In practice the limited owner has to put himself a good deal in the hands of experts, and oftentimes he is fain to make the family solicitor his prime minister. The advice he gets is pretty sure to be on the safe side—that is, on the side of not trying experiments. A family solicitor, unlike those who administer affairs of State, has no motive whatever for being enterprising in his client’s affairs, and many to the contrary. He cannot hurt himself by overcaution, and may hurt himself much by rashness. So he takes, as a rule, the line of doing as little as possible, which is one much commended in all walks of life to those whose first object is their own peace and quietness.

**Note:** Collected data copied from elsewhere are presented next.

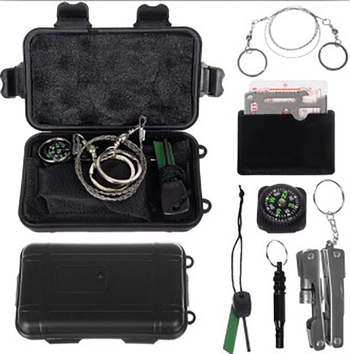 De kit bestaat uit: fluit, kompas, reddingsdeken, draadzaag, mulifunctionele tang, multifunctionele 11 in 1 survival multi tool en wordt gelverd in een prachtige opbergdoos.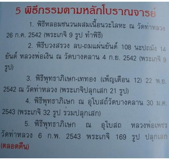 เหรียญบาตรน้ำมนต์หลวงพ่อเงิน บางคลาน หลังหลวงพ่อเพชร รุ่นพระพิจิตร เนื้อนวะ (ตอก 2 โค๊ตชัดๆ) พิมพ์เล็ก ขนาดเส้นผ่าศูนย์กลาง 3.0 ซม. สร้างปี 2542-43 จำนวนสร้างน้อย..หายากสุดๆ สภาพเหรียญเดิมๆ..ผิวไฟยังปรากฏให้เห็น...สวยเยี่ยมจริงๆ.. -พระรูปหล่อหลวงพ่อเงิน และเหรียญรุ่นนี้เป็นที่นิยมมากในขณะนี้..หายากและราคาขยับสูงขึ้นเรื่อยๆ 1. รูปหล่อโบราณ พิมพ์นิยม ถอดพิมพ์จากองค์แชมป์ในอดีต ใช้กรรมวิธีหล่อโบราณ (เทดินไทย) จัดสร้างเป็นเนื้อนวโลหะ กลับดำผสมทองคำหนัก 109 บาท เท่าอายุหลวงพ่อเงิน (มีโค้ด 4 อย่าง และหมายเลข กำกับรวมเป็น 4 โค้ด) ผิวแต่งให้สวยงาม จัดสร้าง 1,999 องค์ ส่วนผิวไฟไม่ได้แต่งสร้าง 599 องค์ 2.เหรียญบาตรน้ำมนต์หลวงพ่อเงิน บางคลาน หลังหลวงพ่อเพชร รุ่นพระพิจิตร เนื้อนวะรุ่นนี้ สร้างได้สวยงามมาก อีกทั้ง 5 พิธีกรรมอันยิ่งใหญ่ พร้อมมวลสารจากเกจิดังทั่วประเทศ 95 รายการ ส่วนผสมของเนื้อนวโลหะ มีรายละเอียดดังต่อไปนี้ ชนวน-มวลสาร-โลหะธาตุ-แผ่นยันต์ ที่ผสมในวัตถุมงคลเนื้อนวโลหะรุ่นพระพิจิตร มีทั้งหมด 95 รายการ หนักรวม 32 กิโลกรัม +ทองคำหนัก 109 บาท แค่มวลสารก็เข้มขลังสุดยอดแล้วครับ ปลุกเสกอีก 5 พิธีกรรมยิ่งสุดยอด ชนวน-มวลสาร-โลหะธาตุ-แผ่นยันต์ที่สำคัญมีดังนี้ 1. ชนวนพระเครื่องเก่าเมืองพิจิตร เหรียญจอบเล็ก หลวงพ่อเงินบางคลาน 1 องค์ หลวงพ่อเพชร มือแป 2 องค์ รูปหล่อหลวงพ่อเขียน(หน้าลิง) 4 องค์ รูปหล่อหลวงพ่อโพธิ์ วัดวังหมาเน่า รุ่น 1 และ 2 จำนวน 2 องค์ หลวงพ่อเพชร หลังอุ รุ่น 2 (หลวงพ่อทวีสร้าง) 1 องค์ เหรียญหลวงพ่อยิ้ม วัดท่าหลวง 3 เหรียญ พระพิจิตร เม็ดข้าวเม้า(เกศคด)ชำรุด 1 องค์ รูปหล่อหลวงพ่อเขียนสำนักขุนเณรเนื้อเงิน ปี 2502 1 องค์ 2. ชนวนเหรียญหางแมงป่อง เหรียญใบมะยม เหรียญ ร5 หลวงปู่ภู วัดท่าฬ่อ 8 เหรียญ 3. ชนวนตะกรุดคู่ชีวิต หลวงพ่อพิธ วัดฆะมัง 1 ดอก ตะกรุดหลวงพ่อเตียง วัดเขารูปช้าง 2 ดอก 4. ชนวนตะกรุดหลวงพ่อเดิม วัดหนองโพ 2 ดอก จ.นครสวรรค์ ตะกรุดหลวงพ่อฮวบ วัดหาดงิ้ว จ.อุตรดิตถ์ 1 ดอก ตะกรุดหลวงพ่อไซ้ร วัดช่องลม จ.อุตรดิตถ์ 1 ดอก 5. ชนวนรูปหล่อหัวไม้ขีด 5 องค์ ตะกรุดหลวงพ่อทบ วัดชนแดน จ.เพชรบูรณ์ 7 ดอก 6. ชนวนรูปปั้นลอยองค์ จอบใหญ่ จอบเล็ก เนื้อทองคำ หลวงพ่อเงิน บางคลาน(พิธีเพิร์ธ) 1ชุด 3 องค์ หนัก 65 กรัม 7. ชนวนเหรียญจอบเล็ก จอบใหญ่ ขวัญถุงหลวงพ่อเงิน เหรียญหลวงพ่อเงิน-กรมหลวงชุมพร ปี 15 จำนวน 7 เหรียญ 8. ชนวนพระกริ่งนเรศวรพระองค์ดำ 100 ปี พิษณุโลกพิทยาคม 2542 หนัก 5 กิโลกรัม 9. ชนวนพระพุทธชินราชอินโดจีนมหาจักรพรรดิ 115 ปี พิษณุโลกพิทยาคม 10. ชนวนพระชัยวัฒน์พระองค์ดำสุดฤกษ์ 100 ปี พิษณุโลกพิทยา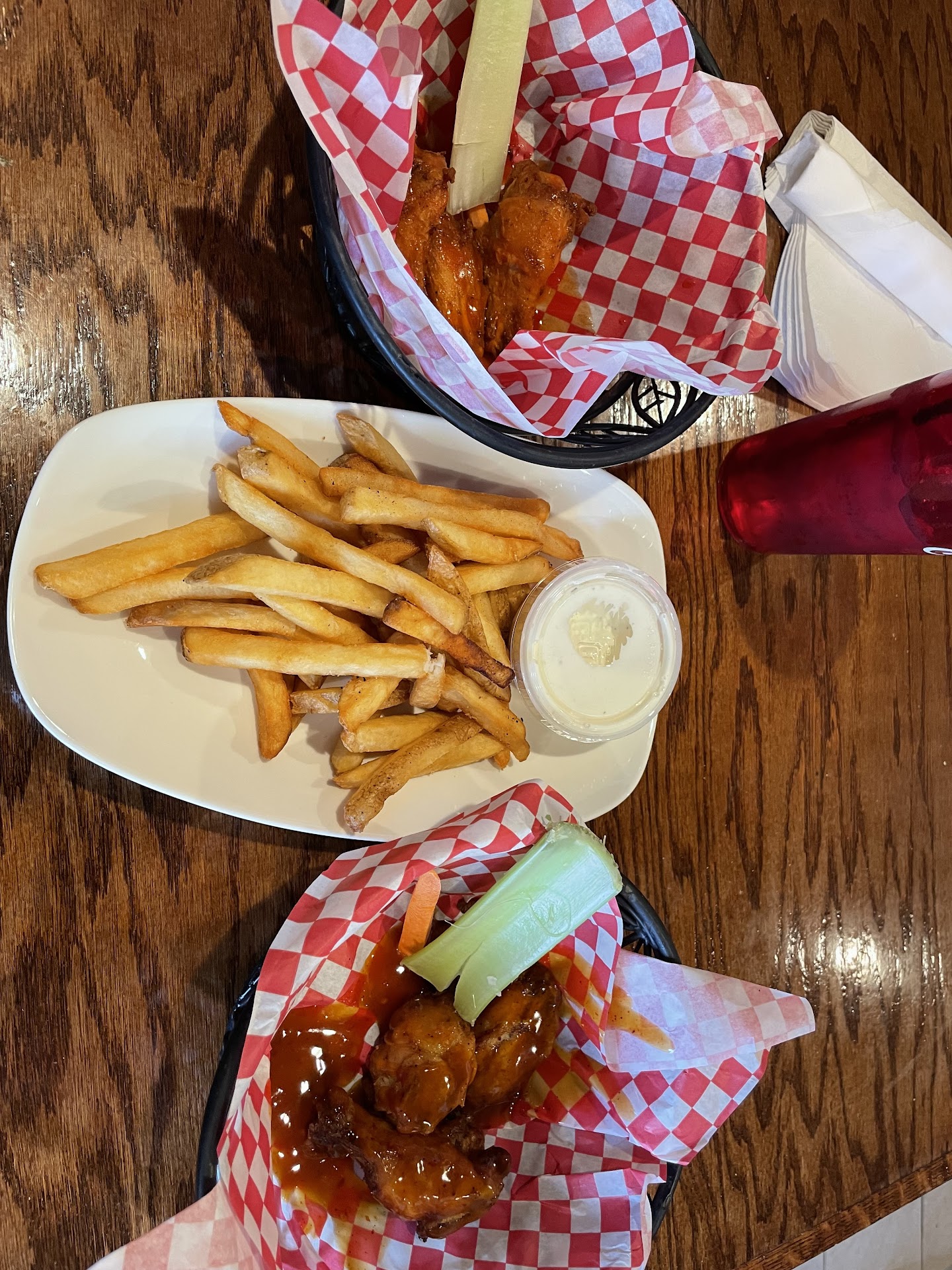 I had been here to Modern Sports once before and had outstanding service, good meaty wings with delicious flavors and a fair price. I've been trying to find some other wing places around to see how they compared to that experience and haven't found any. So I came back to see if they still were what I remembered...I really wanted those good flavorful meaty wings that I had previously. I ordered the wing lunch combo that has 6 wings and fries. They have several sauces and a few dry rubs to choose from. I decided to go with the Darn hot (the hottest they have and they use a different word than darn) and go with the server's suggestion of Mango Habanero. My server Kirsten was awesome! If all restaurants had a server like her....there would be zero complaints on servers. She was a grown up version of a Chick-fil-A worker. Before my tea was empty, she had me a refill sitting on the table. It took a bit to get my order since it was being made fresh. The wings apparently have lost their meatiness unfortunately and have shrunk down to what everyone else has (not as small as Zaxby's though). Although disappointed in the size, I soldiered on and tried the flavors. I was going to dig into the Mango Habanero first. The wings were hot, but the sauce was cold...not a good combo. The cold cooled the wings fast. It would definitely improved the experience if the sauce had been warmed prior to being put on the wings. They were decently covered in the sauce. Flavor...definitely good. Not much of the spicy/habanero flavor though...mostly mango. Would have been better if it had had a bit of spice. So next up was the darn hot wings. The sauce on these...warm the way it should be. Well....the bit that was there. The wings weren't covered too well with it. There was a bit of a puddle of it so I would rub the wings in it first. Definitely not darn hot. The flavor I did get was good flavor, just no spice. It was at very best medium. The fries were cooked well and had the expected flavor. I've heard that the pizza and burgers are really good and I'd like to try them. Would I return? For sure! The outstanding service that Kirsten delivers and all makes up for it. Their prices are still fair with comparison to others around. Additionally, they offer a...

Peradventure the lord of this estate is lord in a strict legal sense—that is, as lord of a manor. We have, indeed, assumed as much in our description. In this capacity he is a kind of small sovereign prince, possessed of his own courts, and doing justice according to his own procedure and customs. But his powers and jurisdiction are shrivered by the changes and chances of centuries into next to nothingness, and only the names of them remain. In the voluminous settlement which confers title to these lands on him and his issue, the manorial franchises are enumerated in a roll of strange-looking terms, many of which are now obscure even to the lawyer, unless he is also a historical student; there are English words among them of immemorial antiquity, which had their technical meaning centuries before the Conquest, and which the Norman lawyers, only half understanding them, thought it prudent to leave un-translated. They held their own through the invasion of Norman-French and Latin, and their native English hardly knows them again when it meets them. As for the lord himself, he knows neither the words nor their meaning unless he happens to be a scholar and an antiquary. Nor is he concerned to know them for any purpose of business. The ancient franchises and profits are obsolete, and have been so for many generations. The manorial courts exist in form, and their records are kept in the ancient fashion. But the fine by which a thief caught within the boundaries redeemed his life is no longer a source of revenue to the manor, neither does the lordship of “view of frankpledge and all that to view of frankpledge doth belong” convey any sensible increase to the wealth or the dignity of the modern landowner. To be lord of a manor is to be the lord of a secular ruin, in which he that knows the secret of the crabbed spell-book may call up the ghosts of a vanished order of the world.

Thus we have taken a hasty view of the legal aspects of an English landed estate, which will presently come before us one by one for a more detailed survey. It is an unparalleled accumulation of layer upon layer of diverse materials. Tenure and convention, custom and competition, legislation and usage, the rude common life of the free Teutonic warrior tribes, an aristocratic military system sprung from sheer necessities of mutual defence, and disguised in the terms and reasons of a Romanised law, the subtle deductions of a legal profession trained in scholastic disputes, the attempts of an impatient Parliament to make their crooked things straight, the not less subtle and more flexible inventions of modern lawyers, the partial clearances and half-hearted amendments of modern law-reformers: all these have gone to the making of the vast and inextricable mass, and all must be considered in their turn by the seeker who is bold enough to search out the history and the meaning of the land laws of England.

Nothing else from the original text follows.